Painful adjustment as Canadian and American economies get out of sync: Don Pittis
Plunging oil, fears for housing loom as Fed's Janet Yellen moves closer to interest hike
That wrenching sound is the economies of Canada and the United States tearing apart. Oil is plunging to recent lows. The loonie is heading to levels not seen in more than a decade.
Like plate tectonics at a continental fault line, a sudden divergence between the two economies always causes tremors. As the smaller partner in a long, close relationship, inevitably Canada feels it more.
New recent records for our currency and commodities plus two sets of data out last week, jobs and trade, are a warning the shakeup could be bigger than usual.
- Canadian dollar falls to lowest level since 2004 as oil slips again
- Canada sheds 35,700 jobs in November, unemployment rate up to 7.1%
- Solid U.S. job gains make Fed likely to hike interest rates
It is easy to forget that only six years ago the shoe was on the other foot.
When Canada was strong
U.S. banks were still trembling. Some had crumbled. Unemployment was climbing. The property market was in disarray, as many Americans lost half the value of their home. Foreclosures and repossessions were peaking.
In Canada meanwhile, banks remained strong, backed by a federal government with balanced books. Consumer confidence was strong, too. Canadian housing was rising from peak to peak. The growing demand for commodities like copper, iron and oil meant resource-rich Canada was riding the wave of a commodities supercycle.
But now all that has changed.
The jobless rate in the U.S. has been falling. Last Friday's contrasting jobs numbers in the two countries only confirmed it. South of the border the rate is now a mere five per cent, almost as low as unemployment can go without causing a shortage of workers. In Canada meanwhile, job creation has stalled. Unemployment lingers above seven per cent.
Getting the wrong medicine
But joblessness is not the only place where the two economies are diverging. Federal Reserve chair Janet Yellen seems increasingly committed to an increase in interest rates to quell an economy approaching full capacity.
"I think the economy is on the road to recovery," Yellen said last week. "We're doing well."
Canada's speech from the throne took a very opposite line, warning of "challenging economic times."
At the heart of that economic difference is the collapse of Canada's biggest source of exports: our mineral resources. The tires on the commodities supercycle have burst. The U.S. produces commodities, too, but Canada makes far more than it can use or process.
In Canada this week, primary producers, especially those in the high-cost heavy oil sector, have been pummelled as oil hits new lows for the year. Almost no one thinks the Canadian oil economy will rebound soon. Multi-year projects started during last year's boom are still underway, but as each one winks out, they are not being replaced by new ones.
The U.S. has a much more industrial economy, takes our resources and processes them into high value consumer products. As we have seen in the past, turning cheap oil into expensive gasoline remains a very healthy business.
If it were just a matter of the United States pulling ahead and Canada catching up later as we saw in reverse in 2009, a divergence would not be so bad. But our two economies are so closely integrated that we feel the effect of economic medicine dolled out by the U.S. central bank even though our prognosis is quite different.
Next week's anticipated U.S. rate rise will wash across the border like a sedative being fed to a Canadian economy in danger of nodding off.
Divergence warning
Bank of Canada governor Stephen Poloz is obviously paying attention. In last week's Canadian Monetary Policy Report, our chief central banker actually made divergence in interest rates (interest "policy") the watch word.

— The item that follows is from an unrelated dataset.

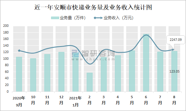 2021年8月安順市快遞業(yè)務(wù)量與業(yè)務(wù)收入分別為123.05萬(wàn)件和2247.09萬(wàn)元

"Policy divergence is expected to remain a prominent theme," he said.
This is something many economists have been looking ahead to for years. Despite attempts by the Bank of Canada to keep interest rates low, Canadian companies and mortgage lenders are already facing higher interest rates because our economy just isn't big enough to set commercial rates independently.

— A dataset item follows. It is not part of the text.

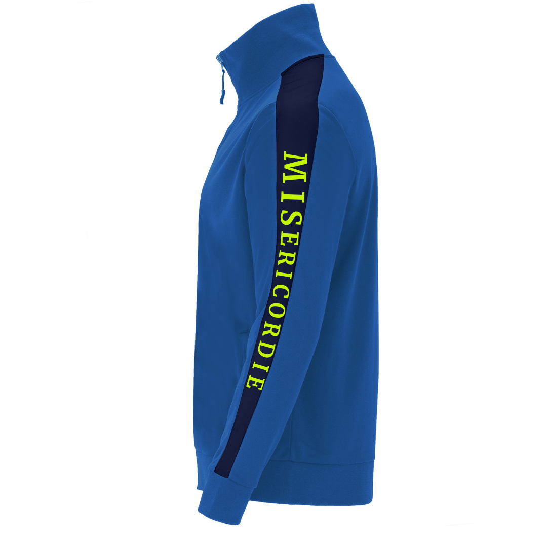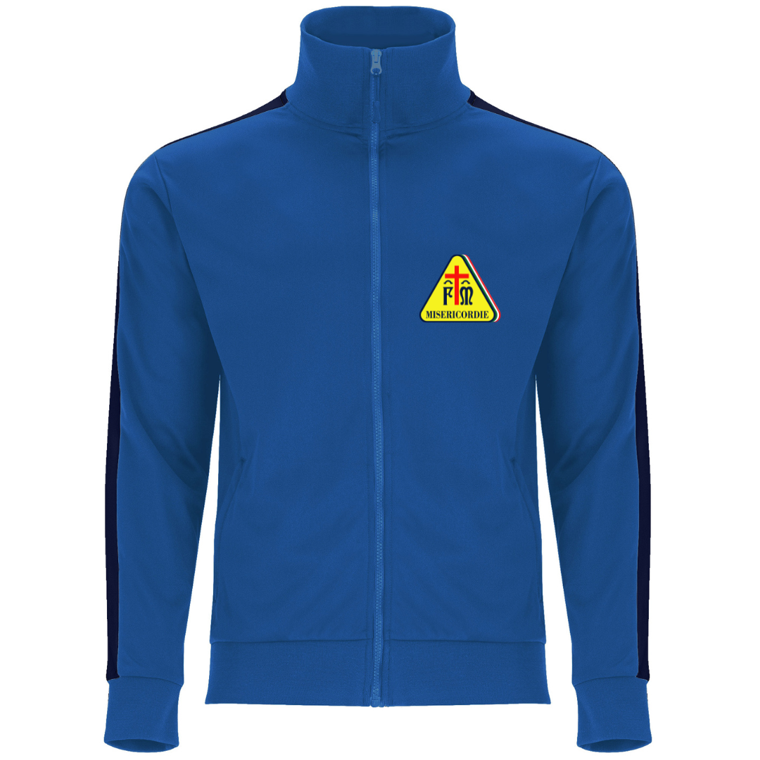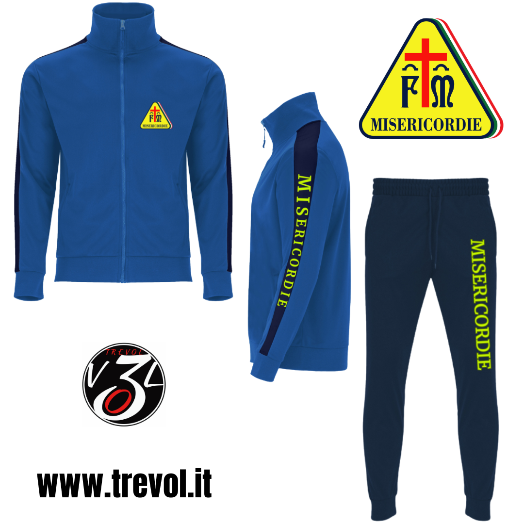 Tuta da passeggio Misericordie composta da giacca blu royal e pantalone blu navy, con inserti a contrasto, loghi e scritte termosaldati.

Rising rates and a weakening resource economy could spell bad news for a housing market that so many analysts have warned is overpriced.
The one bright spot is the fact that the falling Canadian dollar makes our exports to the United States a bargain. But even that silver cloud has a dark lining.
The prospect of higher U.S. interest rates is already making the U.S. dollar soar relative to other global currencies.
Here in Canada, we measure the loonie against the greenback and see a 25 per cent decline. But in global terms the Canadian dollar rises with the U.S. currency independent of what the economy here at home is doing.
And among recent economic statistics, that is where Canada and the U.S. economies remain firmly on the same track. Friday's balance of trade figures shows that both economies face trade deficits, and in both, exports are falling.